Friday 31 May 2019

The Hammond Wakes

Way back in November we commented it was odd that none of the pundits' lists of Tory leadership hopefuls included Hammond.  He seemed (to us) to be on manoeuvres even then.

Well: here we go. "As long as I feel the views I hold are properly represented, I won't feel the need to take part"  (yesterday)

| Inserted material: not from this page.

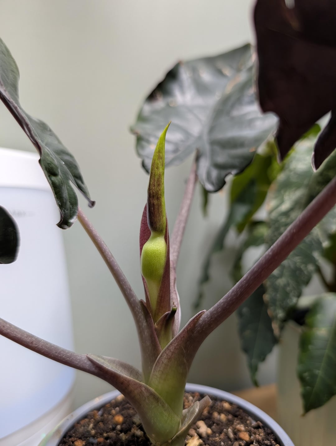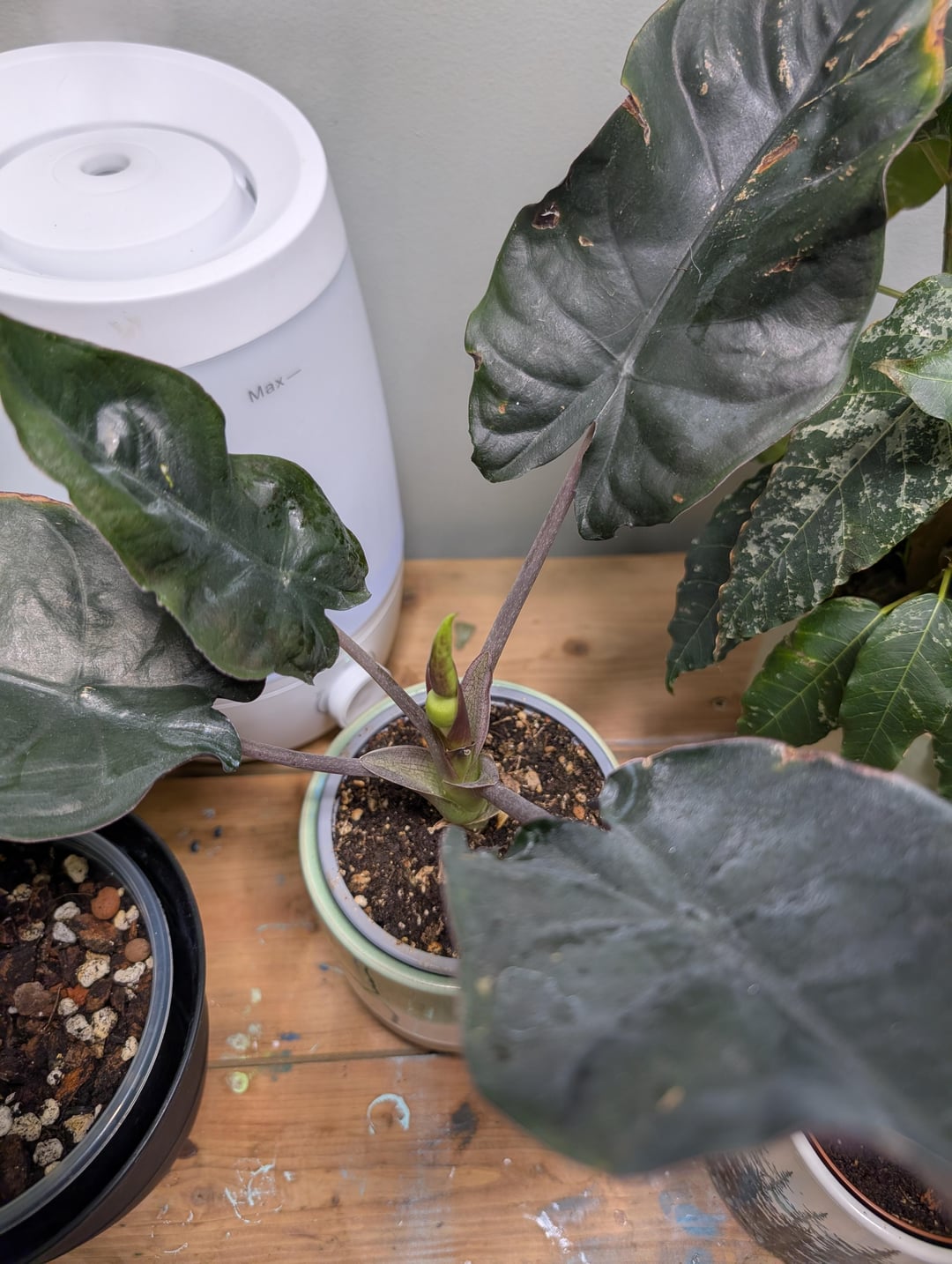 このブラックマジックを約3か月前に保育園から家に持ち帰りましたが、小さなベビーリーフを2枚落としただけで、まだ新しい葉が出ていません。まだ4中だよ" 苗床ポット。上の葉は成長途中で止まっていて、少し反っているように見えます。植物の花を育てたことがない!驚くことではありません。

We've all watched Yes Minister; and I think we know what that statement means.  You read it here first.



Lord Blagger said...

He'll be sacked.

John in Cheshire said...

The next PM should by no means be Mr Hammond and if the Conservative party what to help themselves remain relevant in UK politics, the next PM should replace Mr Hammond with someone who puts UK interests first and also doesn't appoint foreigners to key positions such as the governor of the Bank of England.

Raedwald said...

For the next PM, sacking Hammond will be the easy part. Getting rid of Sedwill is another matter. Retaining him as Head of the Civil Service but appointing a new Cabinet Secretary and a separate new National Security Advisor would prolly give him the right message. And moving him to a smaller office on the other side of Whitehall.

david morris said...

Welcome his entrance to the ring.

Nothing is more nailed on to ensure a complete wipeout of the Cons should this no mark be confirmed as PM

E-K said...

What do the WA Tories (Hammond) not get about the drubbing they got last week ?

Oh - silly me. Remain won, of course.

In other news LibDems are leaders in a poll to win the next general election (Brexit Party came second even though they weren't listed on the questionnaire.)

This is bad news for the Tories. It will mean that the threat of Corbyn for Tory voters - who might otherwise be scared to vote BP - is no longer there.

The Tories strongest candidate ? Jeremy Corbyn.

This is rather like the death of the CofE - when vicars went all Guardian on us and relegated the Devil in their sermons their organisation lost its USP. Their top act never was Jesus, it was Satan - who they sold us insurance against.

E-K said...

I am not shitting you. I have only once played cricket in my life. I was out fielding because I didn't really want to play - in Jamaica on an all inclusive holiday... a proper cricketer knocked a six and I caught it Ben Stokes style.

I don't know how... I was just there when it really counted.

I lived on it for two whole weeks.

I suppose all the drinks were 'free' anyway but I didn't have to go to the bar to collect them.

E-K said...

And then I did a Sister Sledge act with two of the waiters in a talent contest. Feather boaters and all that. Went down well. I really camped it up.

I have the photos.

Anonymous said...

Photos, then!

andrew said...

He is the sort of person who has a laptop open in meetings and types into that without looking up amd making eye contact with anyone there.
As such no one will notice if another grey suited person who hides behind a laptop replaces him.
I really do not see him as some deep sea monster who will change the global climate and so the future of mankind.
More like a used tea bag.

Graeme said...

So the twat who stopped the UK from preparing for "no deal", unlike the EU report thinks he is a voice to be reckoned with?

I would like to ram a 30 foot concrete pile up his fundament

Charlie said...

Trump's here. What does Treeza want to discuss with him? A post-Brexit free trade deal? Helping the people of Venezuela?

No - she wants to talk about climate change. The buffoon can't go soon enough.